Records excerpted from a collection
----------------
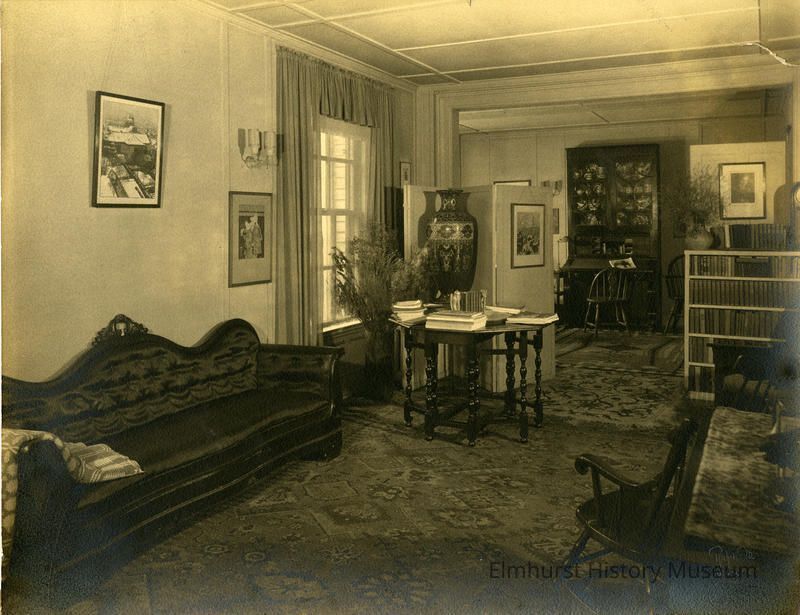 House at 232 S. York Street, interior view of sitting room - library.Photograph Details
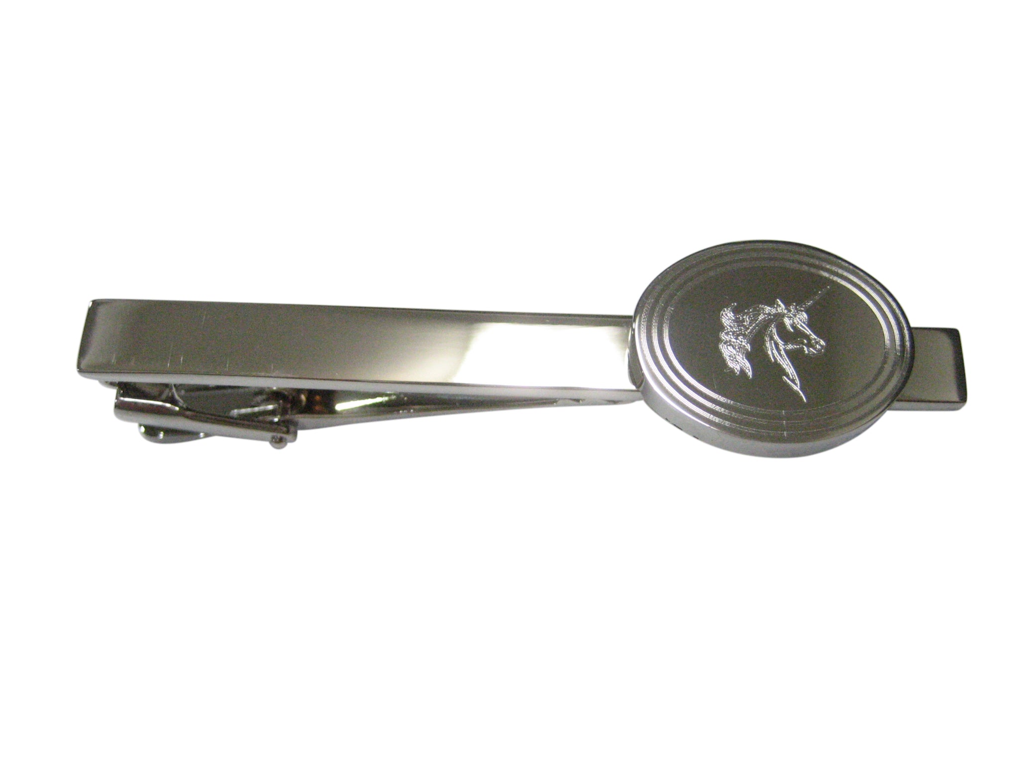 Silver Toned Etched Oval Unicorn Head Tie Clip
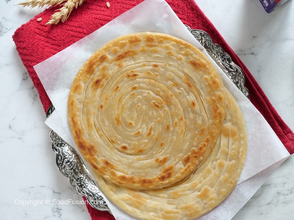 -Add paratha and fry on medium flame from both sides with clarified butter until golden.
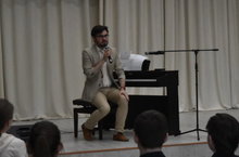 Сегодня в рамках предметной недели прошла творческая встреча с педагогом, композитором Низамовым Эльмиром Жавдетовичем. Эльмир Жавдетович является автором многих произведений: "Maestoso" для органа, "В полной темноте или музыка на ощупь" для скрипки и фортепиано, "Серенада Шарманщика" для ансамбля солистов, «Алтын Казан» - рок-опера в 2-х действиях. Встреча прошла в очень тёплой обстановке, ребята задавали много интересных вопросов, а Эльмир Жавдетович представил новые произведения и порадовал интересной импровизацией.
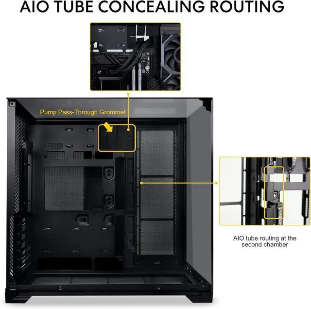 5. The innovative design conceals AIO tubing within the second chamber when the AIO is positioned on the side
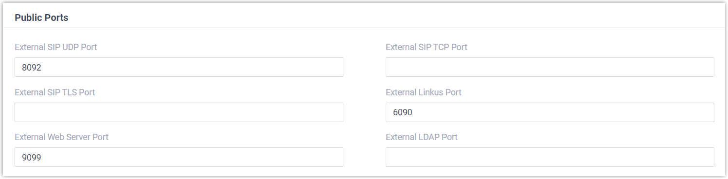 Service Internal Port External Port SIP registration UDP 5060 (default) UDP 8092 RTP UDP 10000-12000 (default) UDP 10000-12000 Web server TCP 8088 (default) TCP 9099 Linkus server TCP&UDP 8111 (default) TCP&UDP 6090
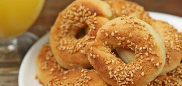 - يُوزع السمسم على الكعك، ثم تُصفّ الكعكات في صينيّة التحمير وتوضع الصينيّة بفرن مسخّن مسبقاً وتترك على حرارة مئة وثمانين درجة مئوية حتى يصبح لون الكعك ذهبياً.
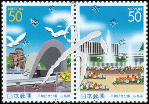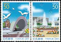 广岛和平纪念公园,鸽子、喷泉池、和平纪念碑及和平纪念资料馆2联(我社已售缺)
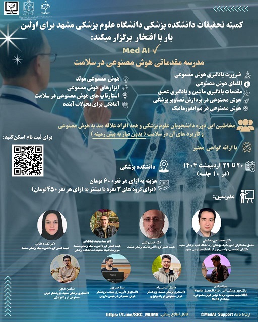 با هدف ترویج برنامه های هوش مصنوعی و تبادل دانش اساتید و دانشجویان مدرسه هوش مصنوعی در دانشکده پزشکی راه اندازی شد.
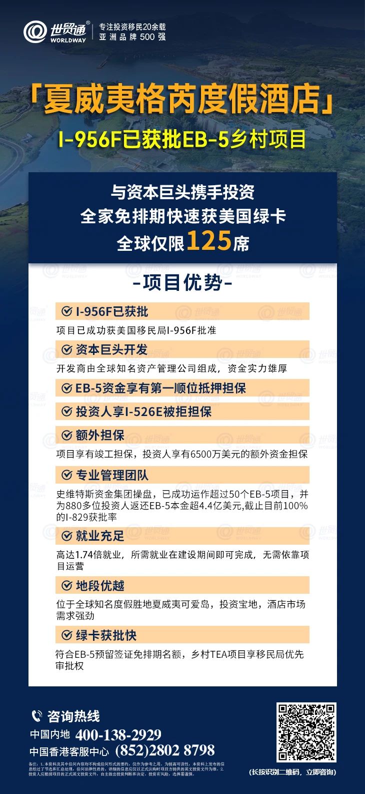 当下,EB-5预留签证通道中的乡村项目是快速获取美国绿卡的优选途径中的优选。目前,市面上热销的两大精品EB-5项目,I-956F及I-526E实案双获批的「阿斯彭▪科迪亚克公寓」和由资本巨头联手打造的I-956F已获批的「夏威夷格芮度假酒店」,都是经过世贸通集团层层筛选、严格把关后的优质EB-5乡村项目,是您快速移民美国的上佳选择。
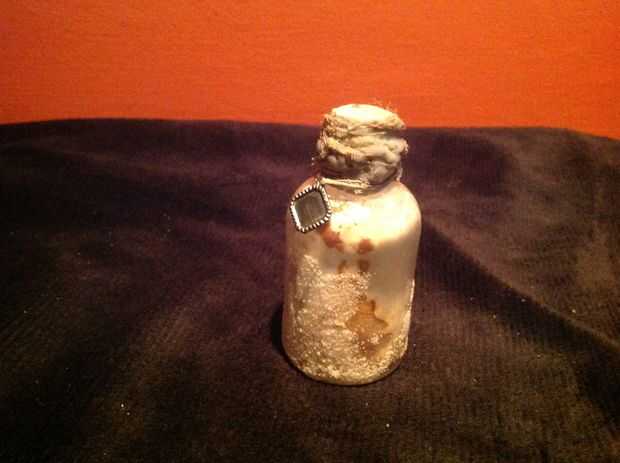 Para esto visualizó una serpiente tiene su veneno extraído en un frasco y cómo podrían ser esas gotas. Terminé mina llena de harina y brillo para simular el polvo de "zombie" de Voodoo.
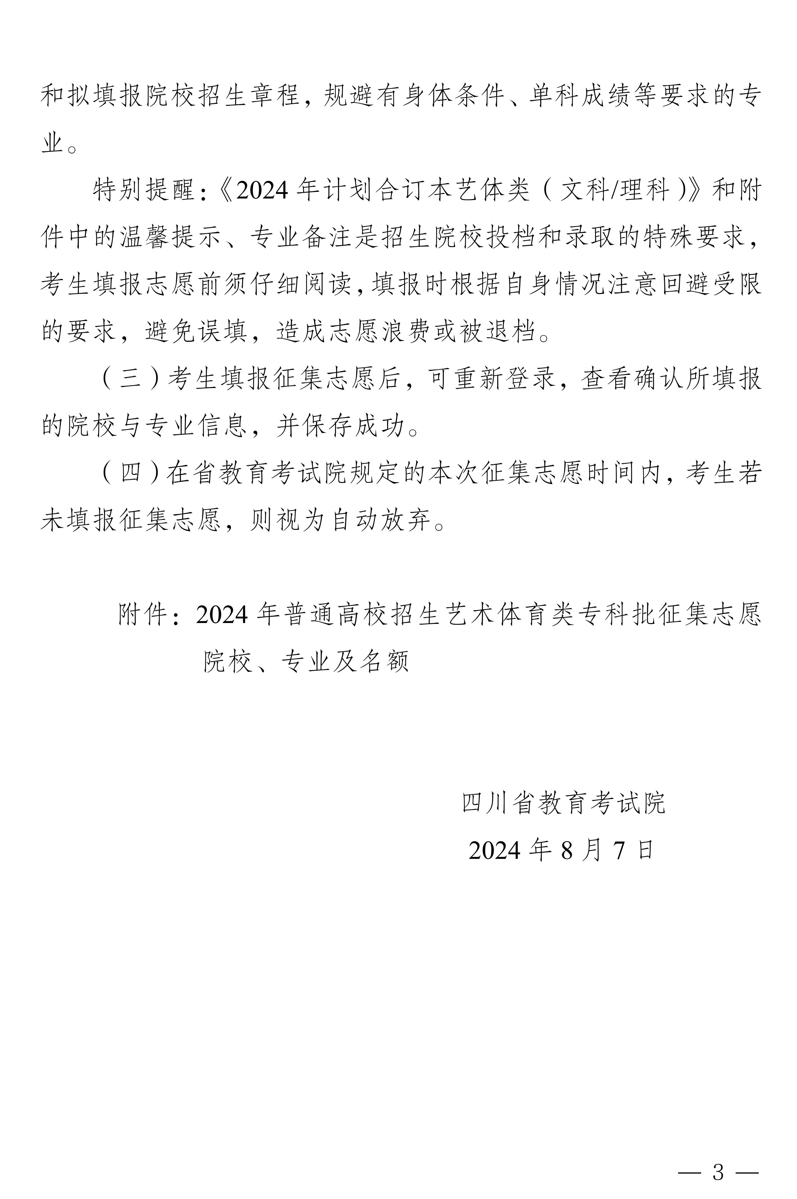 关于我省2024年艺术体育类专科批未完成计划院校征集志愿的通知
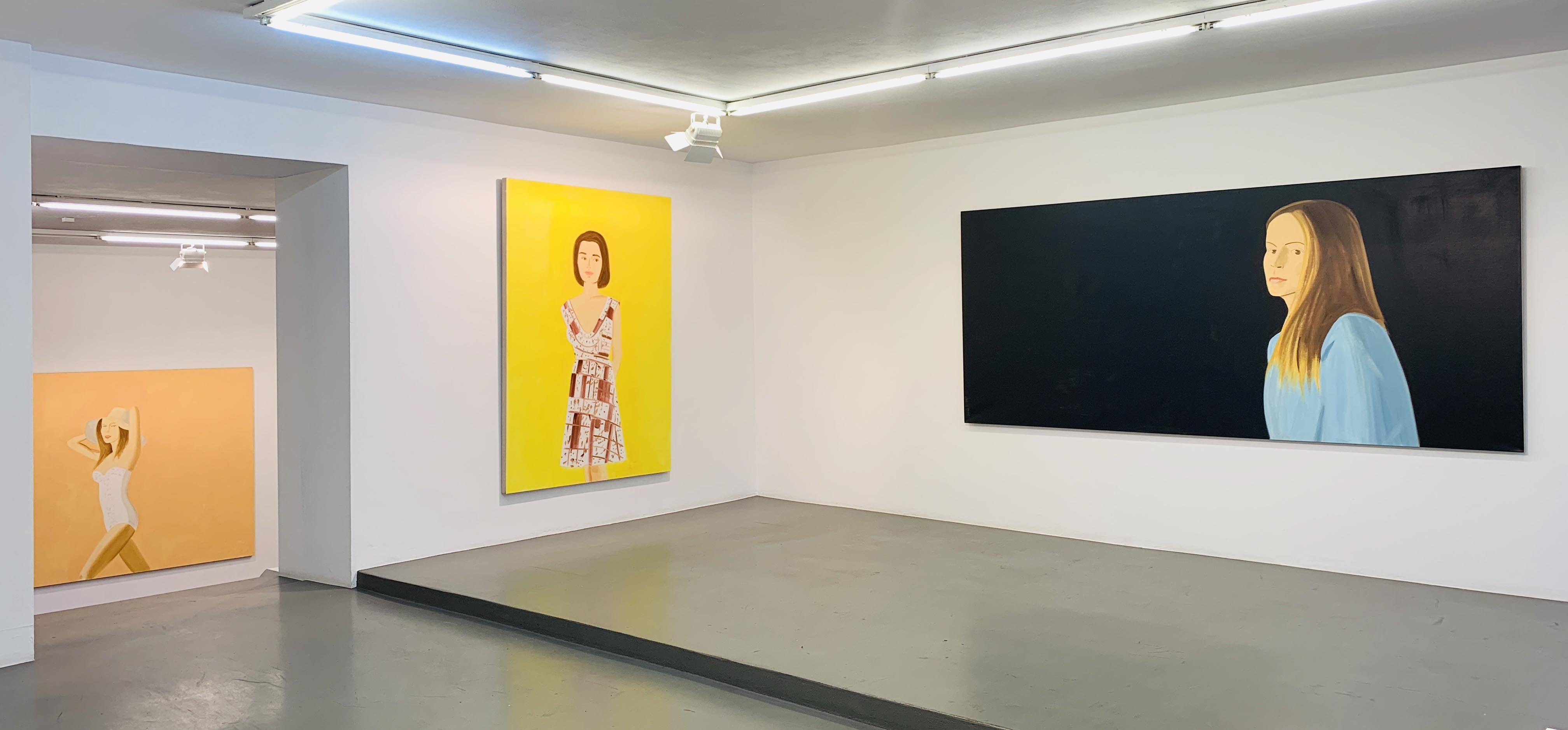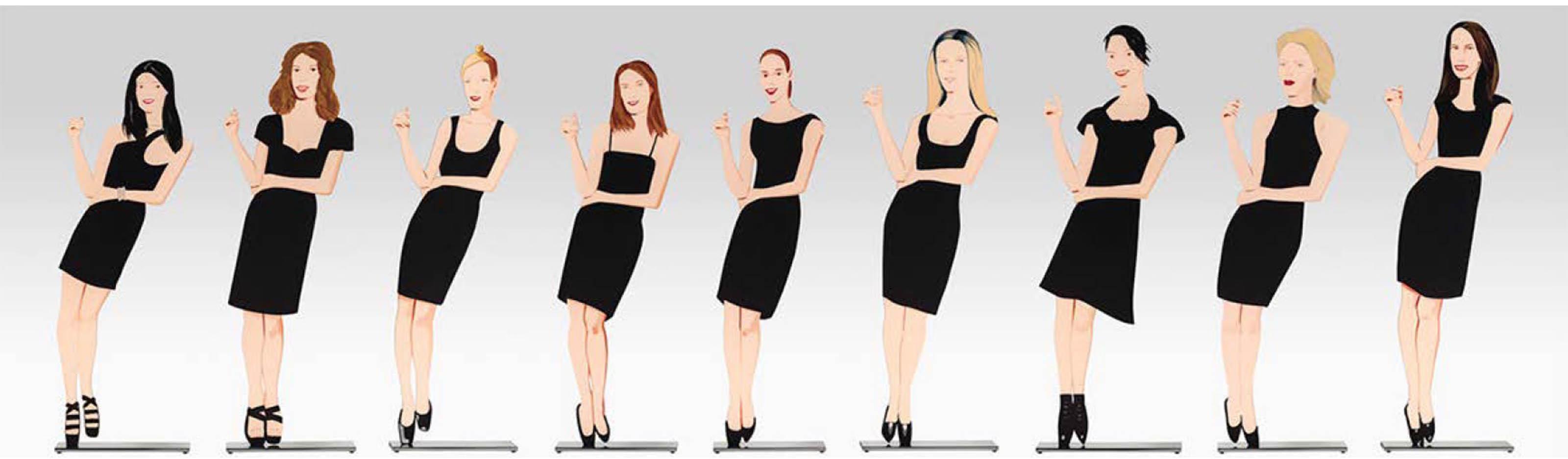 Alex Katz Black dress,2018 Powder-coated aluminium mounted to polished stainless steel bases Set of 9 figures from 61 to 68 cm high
----------------
• [What is being asked]:
Leave the images behind and write out every entry exactly.

• [Answer space]:
 House at 232 S. York Street, interior view of sitting room - library.Photograph Details
 Silver Toned Etched Oval Unicorn Head Tie Clip
 -Add paratha and fry on medium flame from both sides with clarified butter until golden.
 Сегодня в рамках предметной недели прошла творческая встреча с педагогом, композитором Низамовым Эльмиром Жавдетовичем. Эльмир Жавдетович является автором многих произведений: "Maestoso" для органа, "В полной темноте или музыка на ощупь" для скрипки и фортепиано, "Серенада Шарманщика" для ансамбля солистов, «Алтын Казан» - рок-опера в 2-х действиях. Встреча прошла в очень тёплой обстановке, ребята задавали много интересных вопросов, а Эльмир Жавдетович представил новые произведения и порадовал интересной импровизацией.
 5. The innovative design conceals AIO tubing within the second chamber when the AIO is positioned on the side
 Service Internal Port External Port SIP registration UDP 5060 (default) UDP 8092 RTP UDP 10000-12000 (default) UDP 10000-12000 Web server TCP 8088 (default) TCP 9099 Linkus server TCP&UDP 8111 (default) TCP&UDP 6090
 - يُوزع السمسم على الكعك، ثم تُصفّ الكعكات في صينيّة التحمير وتوضع الصينيّة بفرن مسخّن مسبقاً وتترك على حرارة مئة وثمانين درجة مئوية حتى يصبح لون الكعك ذهبياً.
 广岛和平纪念公园,鸽子、喷泉池、和平纪念碑及和平纪念资料馆2联(我社已售缺)
 با هدف ترویج برنامه های هوش مصنوعی و تبادل دانش اساتید و دانشجویان مدرسه هوش مصنوعی در دانشکده پزشکی راه اندازی شد.
 当下,EB-5预留签证通道中的乡村项目是快速获取美国绿卡的优选途径中的优选。目前,市面上热销的两大精品EB-5项目,I-956F及I-526E实案双获批的「阿斯彭▪科迪亚克公寓」和由资本巨头联手打造的I-956F已获批的「夏威夷格芮度假酒店」,都是经过世贸通集团层层筛选、严格把关后的优质EB-5乡村项目,是您快速移民美国的上佳选择。
 Para esto visualizó una serpiente tiene su veneno extraído en un frasco y cómo podrían ser esas gotas. Terminé mina llena de harina y brillo para simular el polvo de "zombie" de Voodoo.
 关于我省2024年艺术体育类专科批未完成计划院校征集志愿的通知
 Alex Katz Black dress,2018 Powder-coated aluminium mounted to polished stainless steel bases Set of 9 figures from 61 to 68 cm high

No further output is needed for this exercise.